Funny, with their unlimited resources, that the federal government does nothing about this type of crime.

Dorothy R
November 08, 2012 at 10:24 am

This is not surprised, because we do not know how to keep our mouths shut when we win a big law suit or the lottery. Any form in which monies come and we broadcast more than the mews media does. We must learn a lesson from these incidents, that we should be very careful where we use ATM & stores we shop. Especially restaurants and fast food establishments. Watch the clerk when she is swiping your card how quick the eyes begin to read the numbers on your card. We are outrage when we are the victim of identity theft. We shouldn't be if we knew where we last used our card or an ATM. These peoples are giving out information for someone else to try the same problem. It does not matter how much monies we spend on technology security or any other type of security. We have gas pump where we purchased gas and many times leave the receipts and ATM leave the receipt on top of the machine or toss in the waste basket. Wake up people any one can access your information if you are not watching what you are doing and where you purchased merchandise. Take heed and slow your role in doing business and financial transactions, please, please!!! This is not going to get better, it will get worse, because we think in our "small" minds we are protected. Think outside the box, "what happens when you lose your phone, laptops, tablets, or any small technology equipment we travel with on public transportation & other means of travel. Even in our personal cars being broken into with an alarm, not safe or being protected are we???? We protect our home from "honest people" not the robber.

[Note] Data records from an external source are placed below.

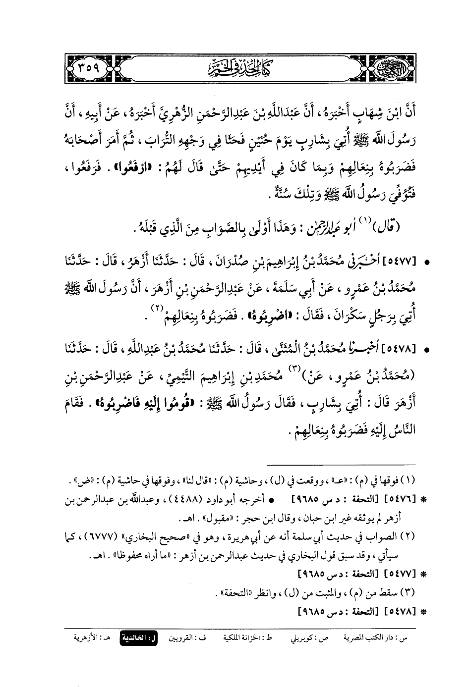 5478- أَخبَرنا مُحَمدُ بنُ المُثَنَّى، قَالَ: حَدَّثنا مُحَمدُ بنُ عَبدِ اللهِ، قَالَ حَدَّثنا مُحَمدُ بنُ عَمْرٍو، عَن مُحَمدِ بنِ إِبْرَاهِيمَ التَّيْمِيِّ، عَن عَبدِ الرَّحمَنِ بنِ أَزْهَرَ، قَالَ: أُتِيَ بِشَارِبٍ، فَقَالَ رَسُولُ اللهِ صَلى الله عَلَيهِ وسَلم: قُومُوا إِلَيْهِ فَاضْرِبُوهُ، فَقَامَ النَّاسُ إِلَيْهِ فَضَرَبُوهُ بِنِعَالِهِمْ.
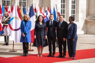 Presidentja e Kosovës Vjosa Osmani, bashkë me bashkëshortin e saj Prindon Sadriu, janë pritur nga presidenti i Francës, Emmanuel Macron,…
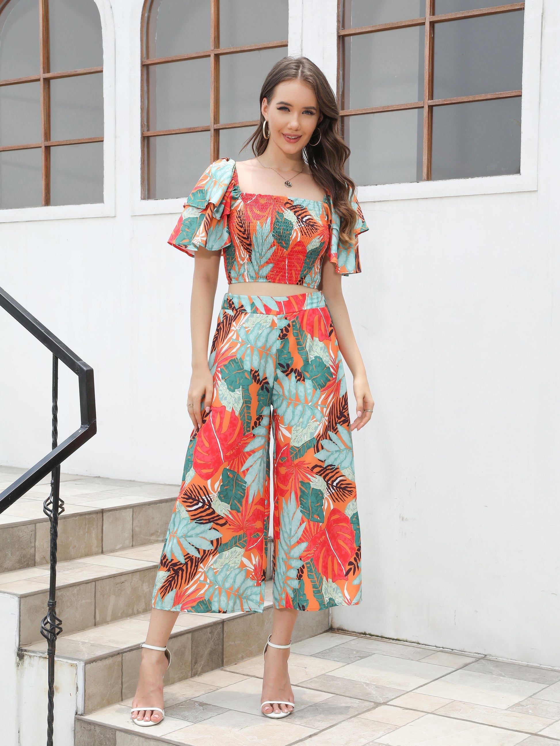 Women's Tropical Plant Print Ruffled Square Neck Cropped Top + Wide-leg Pants Set, Holiday-style Sweet Slimming Two-piece Outfit

November 08, 2012 at 9:22 am

You know it seems each time the banks publish hits with this kind of loss it gives fuel for the fire to those want-to-be hackers to try the same thing with other banks .. Why publish it at all ?? You know that's what they want you do so they can gloat on their latest heist !!
Banks should take better measures to protect their customers money .. Passwords need to changed every so often to prevent hits like this .. I'm glad I put my money in places where it counts the most ... And that secret I'm not telling ..

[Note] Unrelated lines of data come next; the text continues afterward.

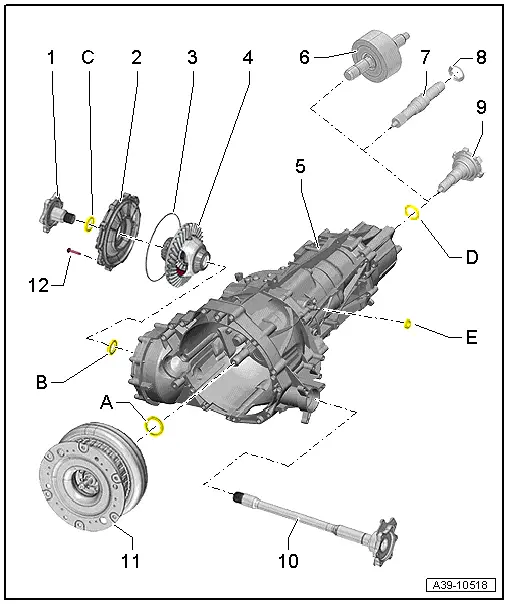 | The oil seals -C-, -D- and -E- can be renewed with the gearbox installed in the vehicle. |
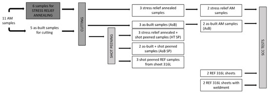 In the present study, basic sheet AM 316L components were characterized by the presence of residual stress, distinct microstructural features, etc., which could be detrimental in an actual working environment. In order to change the traditional manufacturing method of certain 316L components to AM, thorough characterization is needed to verify the suitability of AM components. Therefore, it is important to study these components and the post-processing methods and investigate their effect on the microstructure, residual stress formation and corrosion behavior. On very demanding corrosion atmospheres, the question is does AM lower or eliminate the risk of SCC compared to the welded 316L component? Here, the AM 316L samples were tested in different conditions: as-built, stress relief annealed and shot peened. A systematic investigation of surface and subsurface residual stresses as well as microstructure was also done in as-built and post-treated conditions. The SCC behavior of the selected samples was also investigated. In our future work, we will study more complex AM 316L shapes after different shot peening post-processing variations to consider the effects of the shape. The complex shapes might need more adjustment of the correct post-processing and may influence the functionality of the component in demanding conditions.
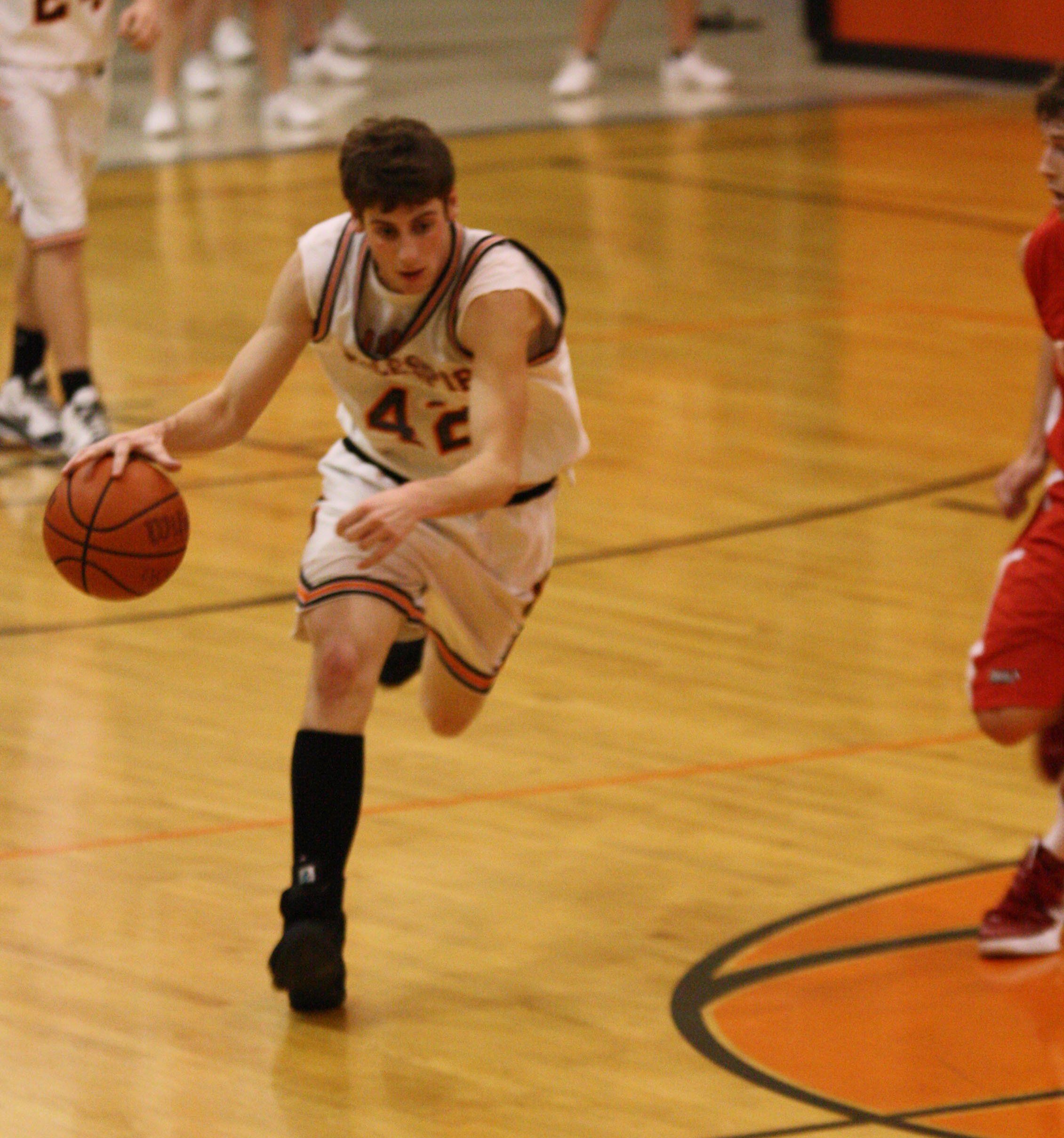 Ricky Mock dribbles down the court during his senior night Friday evening. The boys beat Staunton for their last regular season game and will play EAWR Monday in Regionals.
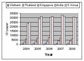 Thông qua công cụ ISI Web of Science chúng ta có thể dễ dàng tìm được số lượng các công trình khoa học được công bố đối với mỗi quốc gia cũng như đối với từng cá nhân các nhà khoa học. Chúng ta hãy so sánh thành tích của khoa học Việt Nam trong thời gian 5 năm từ 2004-2008 (tính đến thời điểm tháng 09/2008) với một số quốc gia trong khu vực. Từ đây có thể nhận thấy rằng chúng ta không thể so sánh nổi với Ấn độ và Hàn Quốc, nhưng ngay cả với ông bạn láng giềng Thái Lan chúng ta cũng đã thua kém quá xa. Thái Lan chỉ có hơn 65 triệu dân, nghĩa là vào khoảng 76% dân số Việt Nam (85 triệu) và chắc rằng số lượng các GS-PGS cũng ít hơn so với Việt Nam. Thế nhưng số lượng công trình khoa học của Thái Lan mạnh hơn ta rất nhiều. Trong giai đoạn 2004-2008 Việt Nam chỉ đạt khoảng 20% số lượng công bố của Thái Lan. Đây là vấn đề đáng để chúng ta suy nghĩ, vì nó chính là hệ quả trực tiếp từ các chuẩn mực sai lệch về bằng cấp, chức danh.
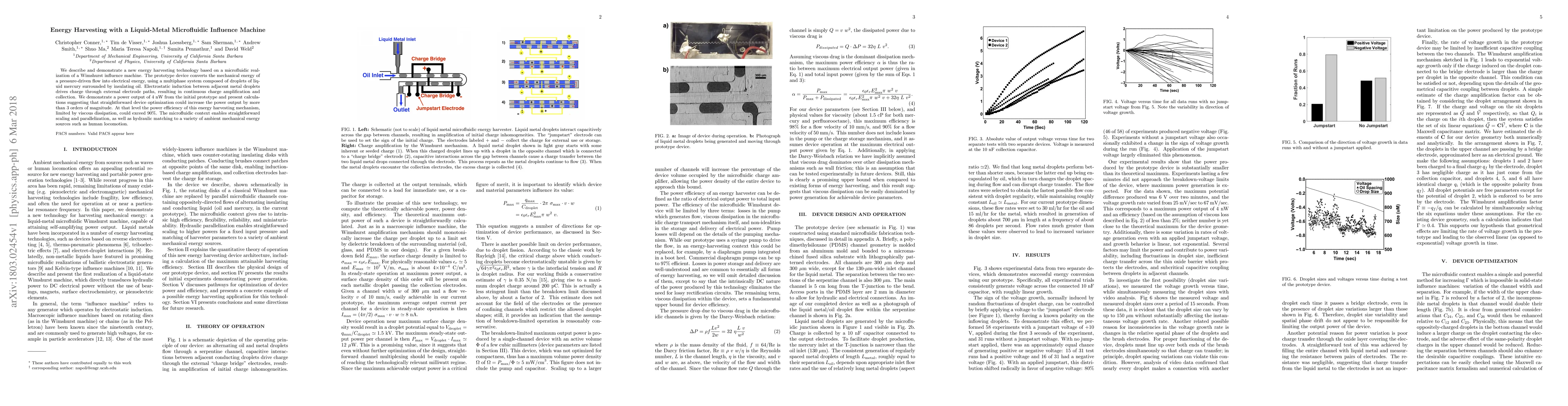 This paper introduces a novel energy harvesting device based on a microfluidic Wimshurst influence machine, converting mechanical energy from liquid flow into electrical energy via electrostatic induction. Initial prototype demonstrates 4 nW output, with potential for significant power increase through optimization.
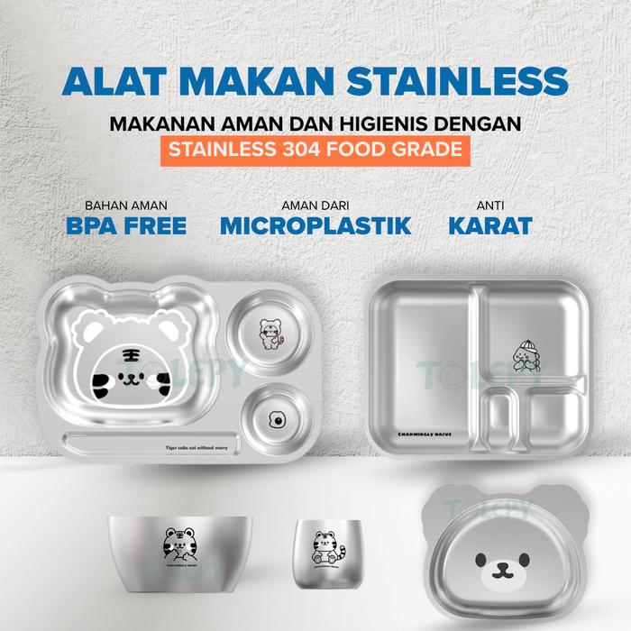 TERLARIS SET PERAATAN MAKAN BAYI STAINESS STEE PIRING MANGKOK GEAS ANTI PECAH AAT MAKAN ANA

November 08, 2012 at 3:54 am

Bigger banks may be a larger target, but smaller banks typically have very shallow or laughable security. Just for example, many don't enforce decent passwords and don't even lock accounts after a reasonable number of misses. Enough simple things add up to one big problem after another.

Smaller banks are a target rich environment that is probably being mined as I write by enterprising groups. Groups that will never be acknowledged outside bank Directors meetings in Podunk Smallville.

The USA has to get a national security and privacy policy that makes sense.